1. sulfides (simple — FeS, MnS, Al2S3, CaS, MgS, Zr2S3 and others; compound — FeS*FeO, MnS*MnO and others);

2. nitrides (simple — ZrN, TiN, AlN, CeN and others; compound — Nb(C, N), V(c, N) and others), which can be found in alloyed steel and has strong nitride-generative elements in its content: titanium, aluminium, vanadium, cerium and others;
3. silicates

4. oxides (simple — FeO, MnO, Cr2O3, SiO2, Al2O3, TiO2 and others; compound — FeO*Fe2O3, FeO*Al2O3, FeO*Cr2O3, MgO*Al2O3, 2FeO*SiO2 and others;

The majority of inclusions in metals are oxides and sulfides since the content of phosphorus is very small.
Silicates are very detrimental to steels, especially if it has to undergo heat treatment at a later stage.

Usually nitrides are present in special steels that contain an element with a high affinity to nitrogen.

By mineralogical content, oxygen inclusions divide into the following main groups:
- Free oxides — FeO, MnO, Cr2O3, SiO2 (quartz), Al2O3 (corundum) and others
- Spinels — compound oxides formed by bi and trivalent elements
Ferrites, chromites and aluminates are in this group.
- silicates, which are present in steel like a glass formed with pure SiO2 or SiO2 with admixture of iron, manganese, chromium, aluminium and tungsten oxides and also crystalline silicates. Silicates are the biggest group among non-metallic inclusions. In liquid steel non-metallic inclusions are in solid or liquid condition. It depends on the melting temperature.

By stability, non-metallic inclusions are either stable or unstable. Unstable inclusions are those that dissolve in dilute acids (less than 10%concentration). Unstable inclusions are iron and manganese sulfides and also some free oxides.

Present-day levels of steel production allow to move off from the metal different inclusions. However, in general the content of inclusions in different steels varies within wide limits and has a big influence on the metal properties.

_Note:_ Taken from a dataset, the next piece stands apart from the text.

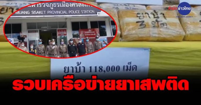 รองผู้บัญชาการตำรวจภูธรภาค 3 นำทีมแถลงจับผู้ต้องหาคดียาเสพติดของ สภ.เมืองศรีสะเกษ พร้อมยึดของกลางอาวุธปืนขนาด 9 มม. กระสุนปืน 62 นัด ยาบ้า 118,000 เม็ด และไอซ์อีก 1,325 กรัม รวมมูลค่าประมาณ 3.5 ล้านบาท เร่งขยายผลไปยังเครือข่าย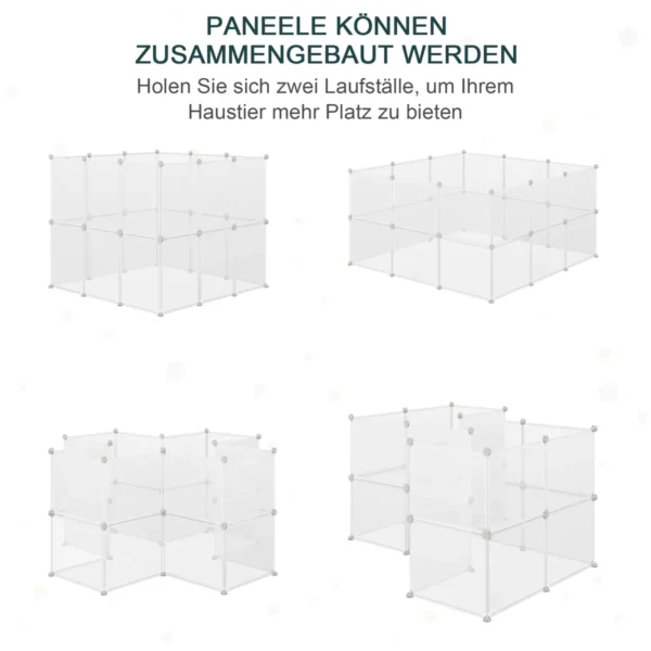 Atraskite „PawHut Pet Playpen“ – puikų sprendimą šeimoms su mažais augintiniais. Šis universalus maniežas siūlo erdvią erdvę, kurioje jūsų augintiniai gali saugiai žaisti ir atsipalaiduoti. Dėl lanksčių konfigūracijų jį galima lengvai pritaikyti jūsų namuose, nesvarbu, ar tai būtų svetainėje, ar sode. Idealiai tinka kačiukams, triušiams, šinšiloms, ežiams ir jūrų kiaulytėms, užtikrina harmoningą sambūvį ir suteikia ramybę, kad jūsų gyvūnai yra saugioje aplinkoje. Būtinas kiekvienuose gyvūnus mylinčiuose namuose.

== Influence of non-metallic inclusions to the properties of steel and alloys ==
Present-day methods of steel and alloy production are unable to attain completely pure metal without any non-metallic inclusions. Inclusions are present in any steel to a greater or lesser extent according to the mixture and conditions of production. Usually the amount of non-metallic inclusions in steel is not higher than 0.1%. However, the number of inclusions in metal is very high because of their extremely small size.

Non-metallic inclusions in steel are foreign substances. They disrupt the homogeneity of structure, so their influence on the mechanical and other properties can be considerable. During deformation, which occurs from flatting, forging, and stamping, non-metallic inclusions can cause cracks and fatigue failure in steel.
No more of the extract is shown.